Tuesday, September 2, 2014

LIAR TEMPTRESS SOLDIER SPY by Karen Abbott







Powerful and gripping this story of four remarkable women who filled unconventional roles during the Civil War is unputdownable from start to finish.  Karen Abbott’s research is impeccable, her facts indisputable yet the story reads very much like a novel as it flows so smoothly alternately focusing on each woman.  Most fascinating for this reader were the direct quotations taken from diaries and letters written at that time.  In addition, the narrative is filled with historical figures - Abraham Lincoln, Jefferson Davis, Stonewall Jackson, Allan Pinkerton and more.  Yet it is the courage and passion of these daring four women that gives the story breath and life.
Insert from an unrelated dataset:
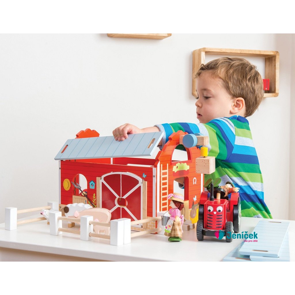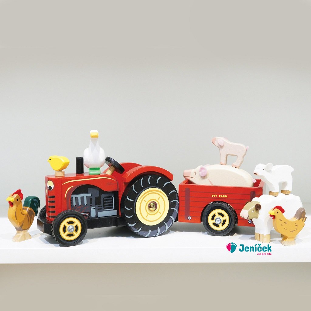 Máte farmu, ale chybí vám traktor? Co třeba tento leskle červený? Traktor má pogumovaná kolečka a také oddělitelný přívěs. Hlavní vlastnosti: Červený dřevěný traktor, který se velikostně hodí k figurkám zvířat a postaviček z farmyKompatibilní s výrobky z kolekce farmy od Le Toy VanPoutavá hračka rozproudí kreativitu dětíInteraktivní hračka pomáhá s rozvojem představivosti, řeči a sociálních dovednostíVyrobeno eticky z udržitelného dřevaMalováno netoxickými barvami, testováno dle nejpřísnějších standardů Kolekce farmy & zvířátkaTato interaktivní a dřevěná kolkce podporuje děti v zapojení představivosti, ať si vytvoří svou vlastní farmu! Každý produkt je krásně ilustrován, vytváří tak realistický zážítek.
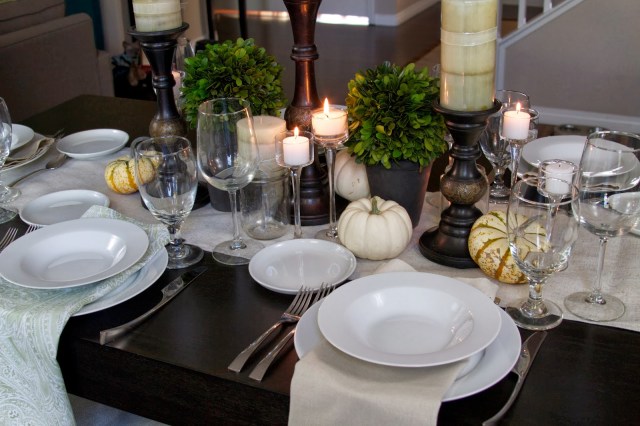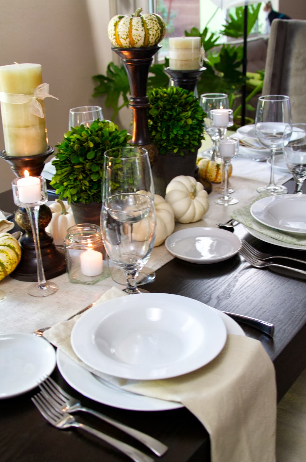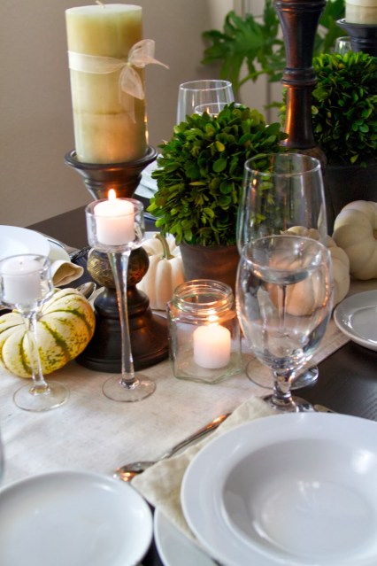 Since the offerings at the store were slim-pickings, I decided to do something a little different this year and settled on a simple, white and green Thanksgiving table. I found two preserved boxwood topiaries at Homegoods and paired them with small white pumpkins (I love those) and white pumpkins with green and orange stripes. I set them on top of a beige table runner and placed some candlesticks and jars with different heights and shapes. I think it turned out pretty well and you can bet that those topiaries will do double duty at Christmas!

Belle Boyd was but 17-years-old when she shot a Union soldier in her home.  She was boisterous, hot tempered and an avowed rebel who became a courier and spy for the Confederate army.  She was an inveterate flirt who used her charms to seduce men and gain information.  She later lived through imprisonment while continuing to defy the Union by any means possible.

Rose Greenhow was an attractive widow and Washington D.C. hostess with many influential friends.  She used her position to acquire information about the Union’s military plans and passed it along.  She openly defied and sometimes ridiculed Pinkerton’s operatives who were attempting to catch her, yet she was imprisoned along with her young daughter.  At one time President Jefferson Davis even sent her to Europe to lobby for the South.
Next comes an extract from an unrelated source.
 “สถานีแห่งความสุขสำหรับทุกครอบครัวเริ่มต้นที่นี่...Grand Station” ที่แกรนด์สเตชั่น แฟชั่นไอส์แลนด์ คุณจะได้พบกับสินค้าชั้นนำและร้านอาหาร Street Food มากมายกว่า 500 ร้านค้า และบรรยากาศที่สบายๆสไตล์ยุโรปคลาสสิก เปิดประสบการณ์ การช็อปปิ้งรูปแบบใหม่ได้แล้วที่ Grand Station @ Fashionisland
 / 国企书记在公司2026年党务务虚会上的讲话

This quartet of valiant women came from different backgrounds and regions.  Young Emma Edmondson escaped a Canadian farm and her cruel father who had promised her to an elderly neighbor.  She crossed the border into Michigan where after dressing as a man and taking the name of Frank Thompson she enlisted in the Union Army.  She worked as a nurse and courier, most often at only arm’s length from the unspeakable battlefield horrors.
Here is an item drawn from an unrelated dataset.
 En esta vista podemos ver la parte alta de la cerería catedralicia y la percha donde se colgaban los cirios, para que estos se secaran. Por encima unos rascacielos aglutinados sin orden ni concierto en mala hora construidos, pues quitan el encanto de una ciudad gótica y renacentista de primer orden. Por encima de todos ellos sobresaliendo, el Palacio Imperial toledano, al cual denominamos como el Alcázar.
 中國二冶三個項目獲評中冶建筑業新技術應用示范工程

Elizabeth Van Lew was a wealthy Richmond spinster who supported the Union cause.  She carefully displayed a Confederate flag in the foyer of her spacious home while she was hiding Northern prisoners in a secret room until her free black servants could assist their escape.  She placed one of her servants in the home of Jefferson Davis.  The maid who had an amazing memory would gain Confederate intelligence and pass it back to Elizabeth.  Even though threatened with death Elizabeth continued her efforts on the Union’s behalf.

Each of these women was willing to sacrifice all, even their lives to further the cause in which they believed.  Liar, Temptress, Soldier, Spy is true, beautifully written, and not to be missed.